Non vale per le pendenze fiscali in essere e, soprattutto, presuppone una certificazione del credito nei confronti della Pa da parte ella Ragioneria dello Stato che deve essere successivamente validata dall’Agenzia delle Entrate-Riscossione. Il meccanismo non è né automatico né semplice.
Secondo gli ultimi dati Eurostat, i debiti commerciali di sola parte corrente delle Pa italiane sono aumentati dai 44 miliardi del 2016 ai 47,4 miliardi dell’anno scorso. I ritardi, poi, sono biblici tenuto conto che la legge obbliga al saldo in 30 giorni (60 giorni per la sanità).
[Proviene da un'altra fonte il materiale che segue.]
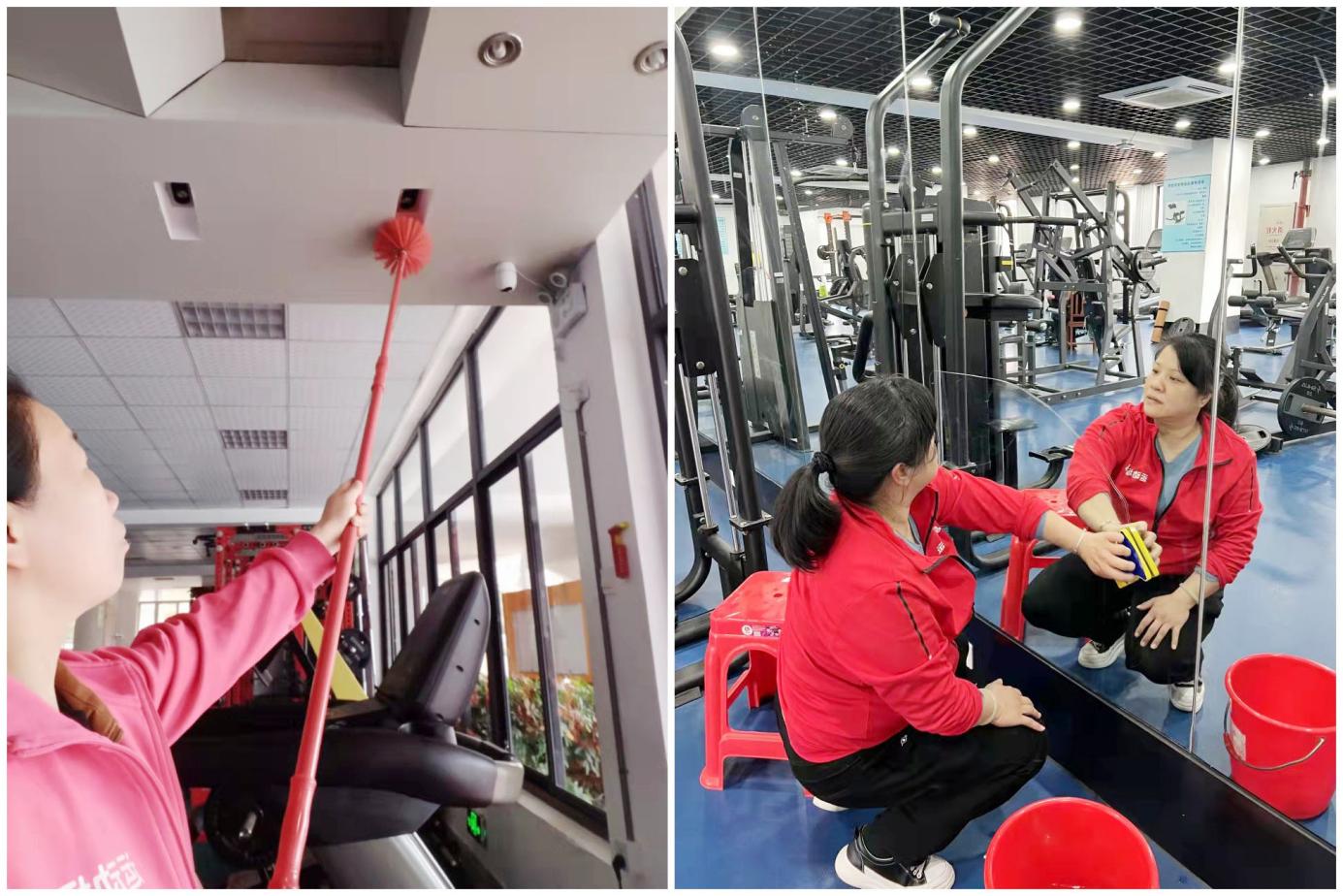 组织卫生扫除。为迎接新学期的到来,中心组织员工对学生宿舍、公教、场馆、校园环境等进行卫生大扫除和防疫消杀,为师生营造整洁卫生、安全舒适的学习和生活环境,“净”待学生返校。
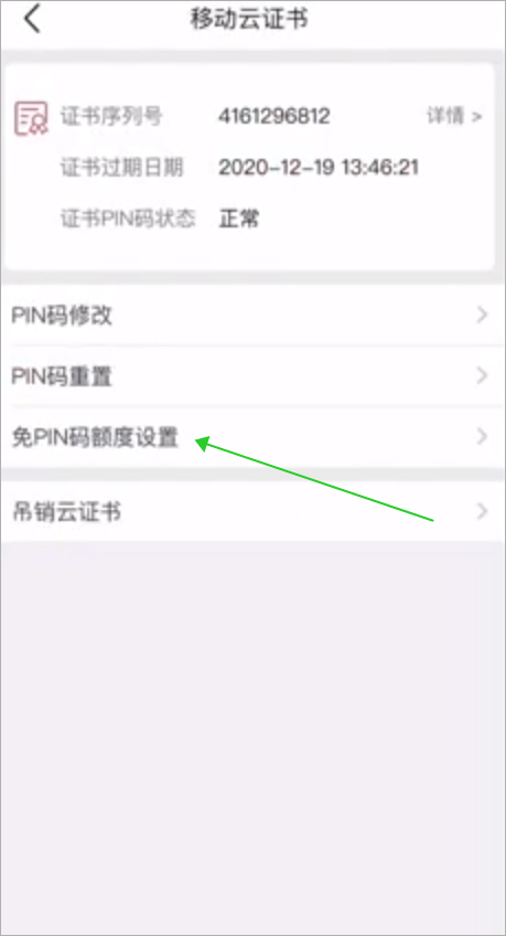 7、获得云证书后,点击【免pin码额度设置】进行设置,方便日后进行额度设置
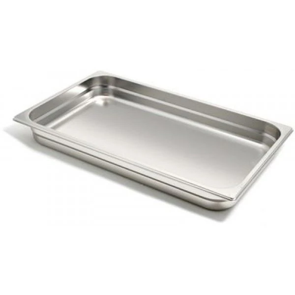 Deze handige gastronoombak of inzetbak kan je gebruiken om je maaltijd aan je gasten te serveren. Deze komt in formaat 1/1, dit wil zeggen dat er hiervan 1 stuks in één chafing dish passen. Zo verdeel je de chafing dish in één compartiment. In de chafing dish zit water, dat warm wordt gehouden door een brandpasta patroon. Zo verwarm je het eten in de gastronoombakken volgens de au bain marie kooktechniek. Inhoud van 1 gastronoombak 1/1 bedraagt 9 liter.
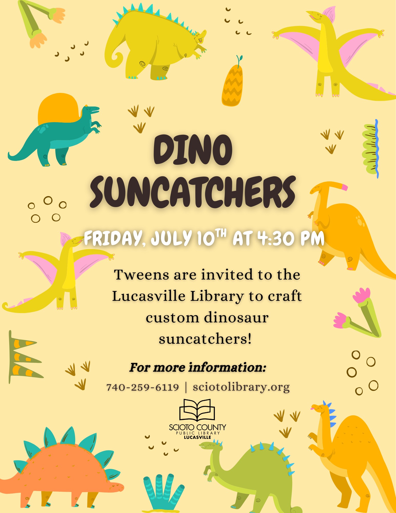 Lucasville Library 103 Lucasville-Minford Rd, Lucasville, OH, United StatesTweens are invited to the Lucasville Library to craft a dinosaur sun catcher! Choose from 8 different dino-types and make it your own, then enjoy how your new creation looks in the summer sun. This program will take place on Friday, July 10th at 4:30 PM. For more information, call...
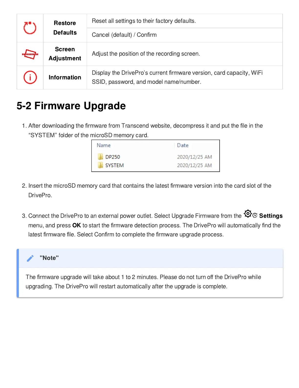 upgrading. The DrivePro will restart automatically after the upgrade is complete.
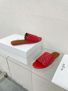 ALAIA VIENNE FLAT MULES IN CHERRY RED LAMBSKIN
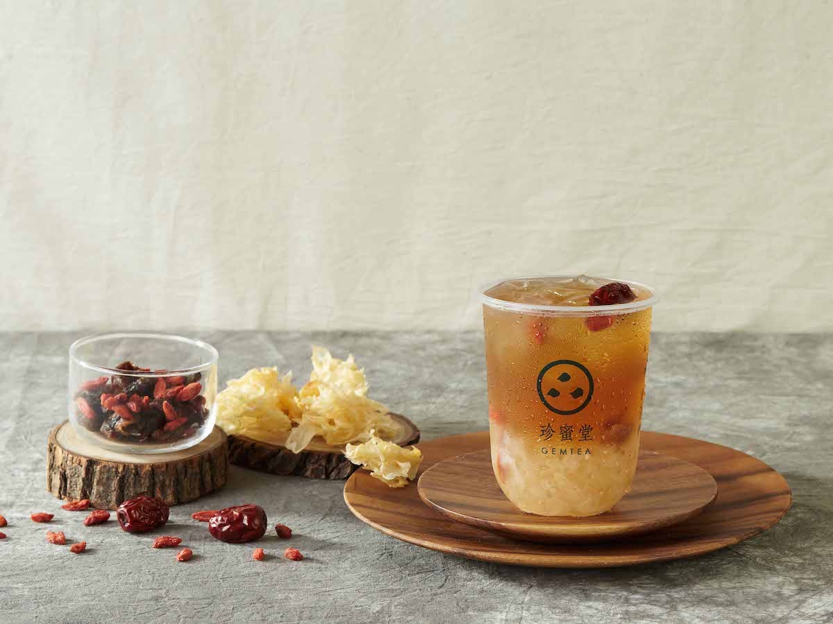 ▼此外,珍蜜堂還推出養生系飲品「冰糖銀耳桂圓茶」,以自製冰糖燉煮銀耳,加上桂圓、紅棗等溫補食材,在香氣濃郁的茶飲裡能嚐到桂圓與紅棗果肉,冷熱皆宜的溫補效果,最適合在冬季來上一杯~
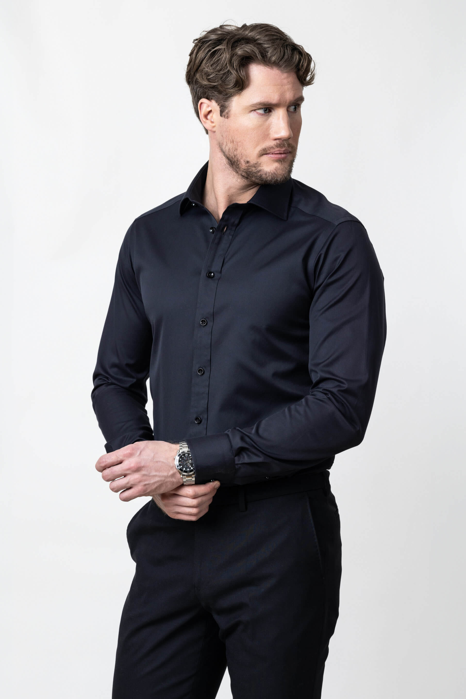 J. Harvest & Frost Green Bow 01 on puhdaslinjainen ja laadukas yksivärinen kauluspaitaa. Vaikka paidat ovat yksivärisiä, niiden yksityiskohdat erottavat ne muista kauluspaidoista. Kauluspaita on valmistettu suosikkimateriaalistamme, laadukkaasta twillkankaasta. Sen ansiosta paita kiiltää kauniisti, tuntuu mukavalta ja siitä näkyy vähemmän läpi kuin tavallisesta valkoisesta kauluspaidasta. Persoonallisuutta tähän muodikkaaseen, mutta klassiseen kauluspaitaan tuovat jaettu selkäkaarroke, puolileveä haikaulus ja 35 mm:n tikattu nappilista. Värit: musta, valkoinen, vaaleansininen, tummansininen, keskisininen ja harmaa. Osa kauluspaidan väreistä säilytetään kotimaan varastossa, jolloin paidat saadaan nopeastikin toimitettua.
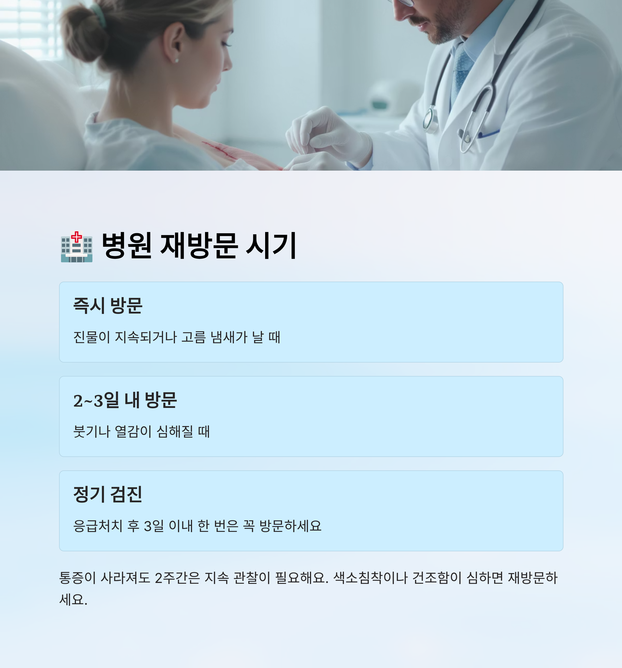 A2. 통증이 48시간 이상 지속되거나 상처가 붓고 진물이 나면 즉시 병원에 가야 해요.
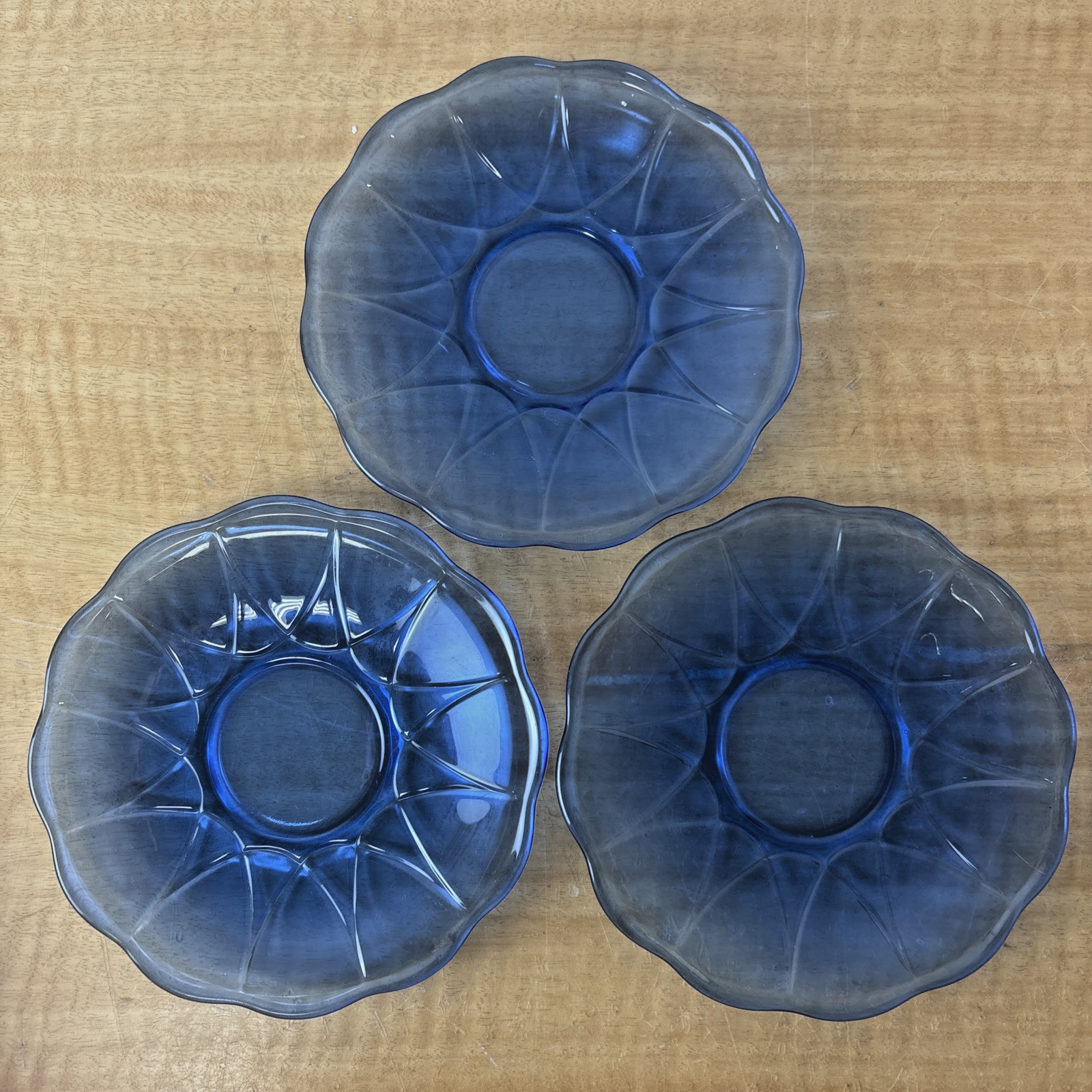 Hazel Atlas Glass NEWPORT “Hairpin” Cobalt Blue Bread and Butter Plate Set of 3
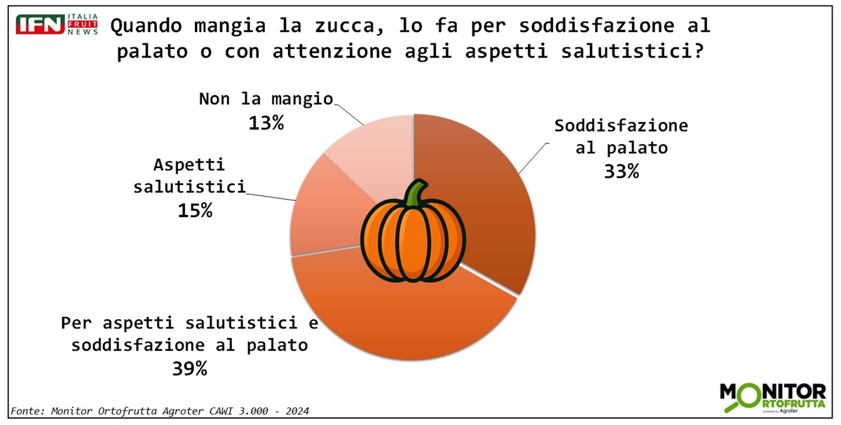 Ma cosa spinge davvero gli italiani ad acquistare la zucca? Le analisi del Monitor Ortofrutta di Agroter — basate su un campione di 3.000 responsabili d’acquisto — indicano come il principale driver sia il binomio salute + gusto, citato da quasi 4 consumatori su 10. Seguono il solo sapore (33%) e le sole motivazioni salutistiche (15%). Un 13% del campione, invece, dichiara di non consumarla. Ne emerge dunque un prodotto percepito come salubre ma apprezzato soprattutto per il sapore: una risposta piuttosto logica se si pensa alla sua versatilità in cucina.
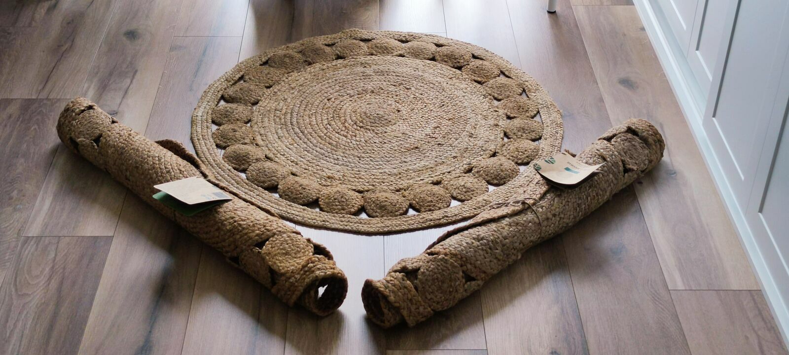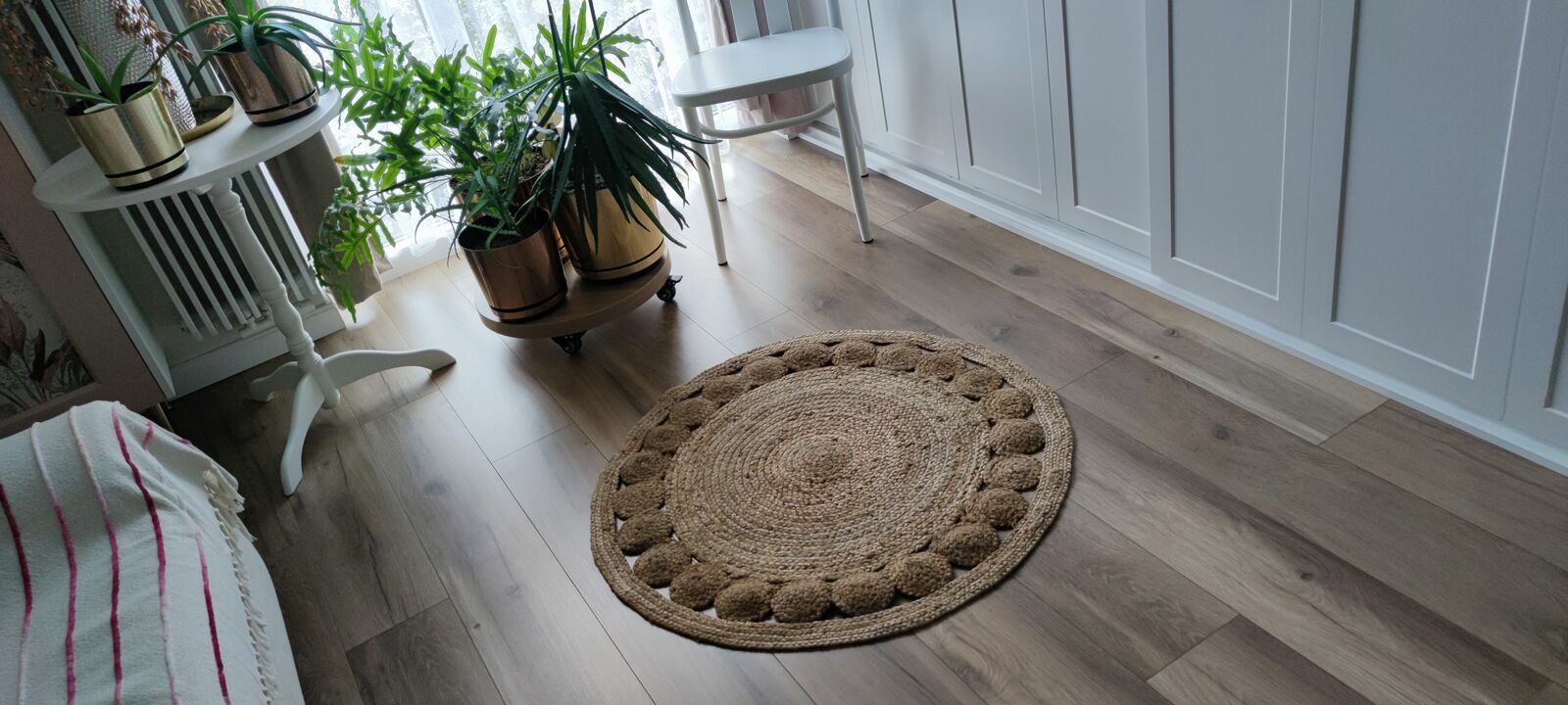 Śliczny, okrągły DYWAN naturalny z juty / boho / retro
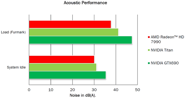 Шумность системы охлаждения и обеспечиваемая температура для графических процессоров являются одними из важнейших потребительских характеристик для любой видеокарты, в том числе и топового решения, предназначенного для энтузиастов. Слишком громкая или неэффективная система охлаждения будет расценена покупателями как менее выгодное приобретение при прочих (примерно) равных показателях. Так что AMD подошла к этому вопрос в случае модели Radeon HD 7990 очень серьёзно, если сравнивать её с другими топовыми решениями, присутствующими на рынке. Рассмотрим акустические характеристики новой системы:
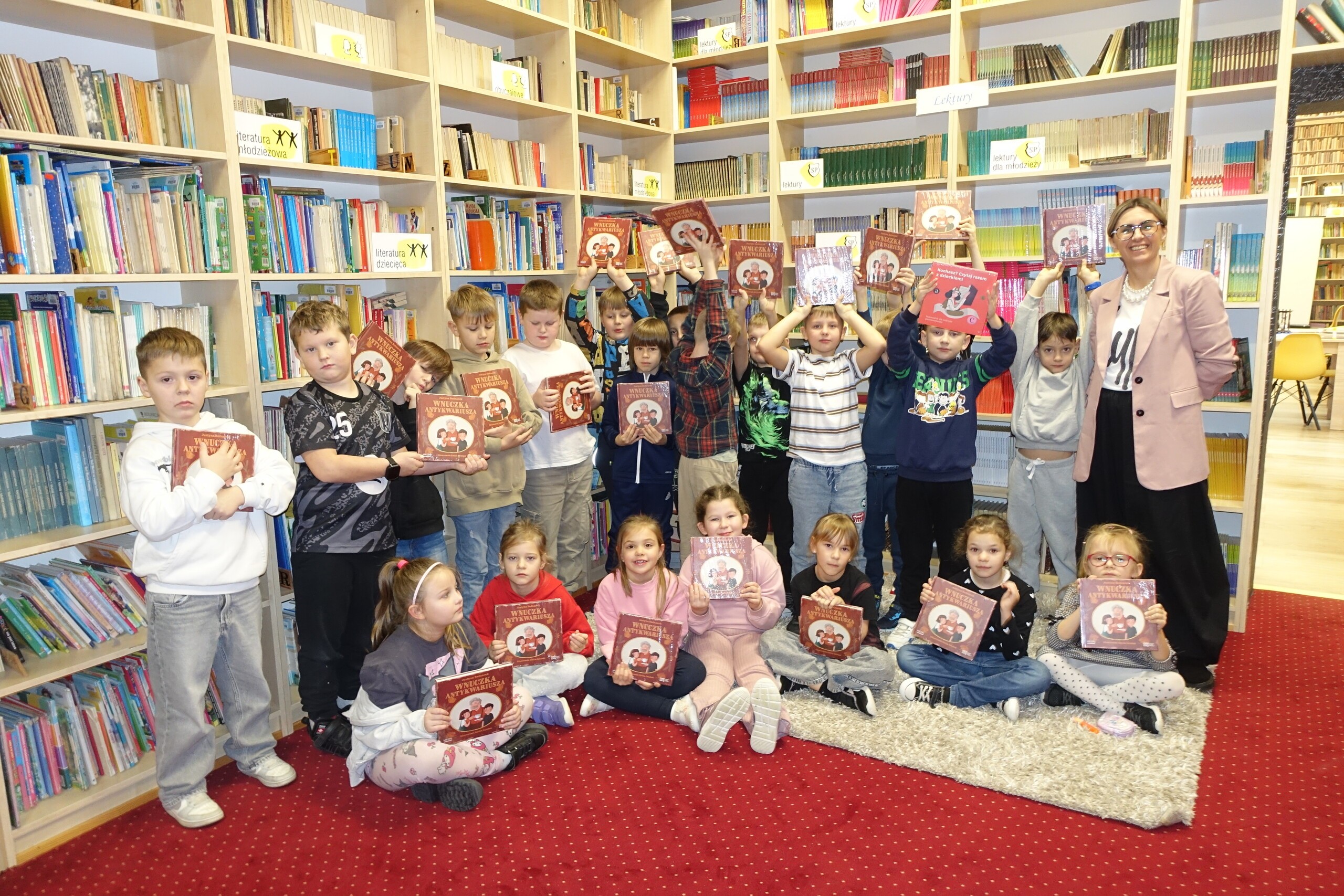 W darmowym pakiecie wyprawki znajduje się książka niezwykle popularnej i lubianej pisarki dla dzieci, Justyny Bednarek, którą nasi uczniowie mogą kojarzyć jako autorkę serii lekturowych książek o przygodach skarpetek. Tym razem jest to książka pt. "Wnuczka antykwariusza" z dołączonym folderem dla rodziców. Miłego czytania!
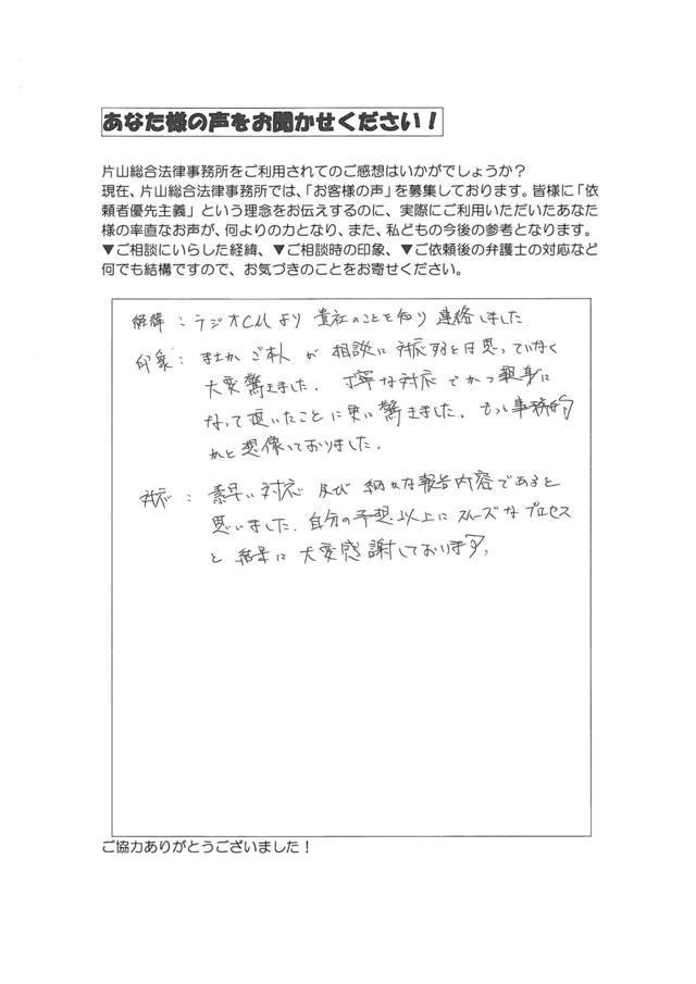 こちらでご紹介させていただいております「お客様の声」は、数多くある弁護士事務所・司法書士事務所から、名古屋駅の弁護士・片山総合法律事務所をお選びいただいた方々のお一人お一人の生の声です。

La piattaforma dei crediti commerciali della Ragioneria generale evidenzia i record negativi: 73 giorni per le Regioni (Basilicata), 320 per i Comuni (Napoli) e 167 per le aziende sanitarie (Asl Napoli).
Per quanto riguarda i ministeri, ricorda la Cgia, i maggiori ritardatari sono le Infrastrutture (ritardo medio di circa 20 giorni), i Beni culturali (34 giorni) e l’Interno (64 giorni).
Con lo split payment, infine, c’è una doppia penalizzazione per le imprese. La norma obbliga le amministrazioni centrali dello Stato a trattenere l’Iva delle fatture ricevute e a versarla direttamente all’erario.
Il meccanismo, efficace nel contrasto dell’evasione, ha però provocato molti problemi finanziari agli imprenditori onesti, cioè «la quasi totalità delle imprese che lavora per la Pa», rimarca la Cgia, perché il corrispettivo Iva da versare successivamente consentiva di fronteggiare nel breve periodo le necessità di cassa.
Ecco perché la compensazione di crediti e debiti avrebbe una valenza salvifica ma questa richiesta resta sempre inascoltata da uno Stato sprecone che vessa i soliti noti.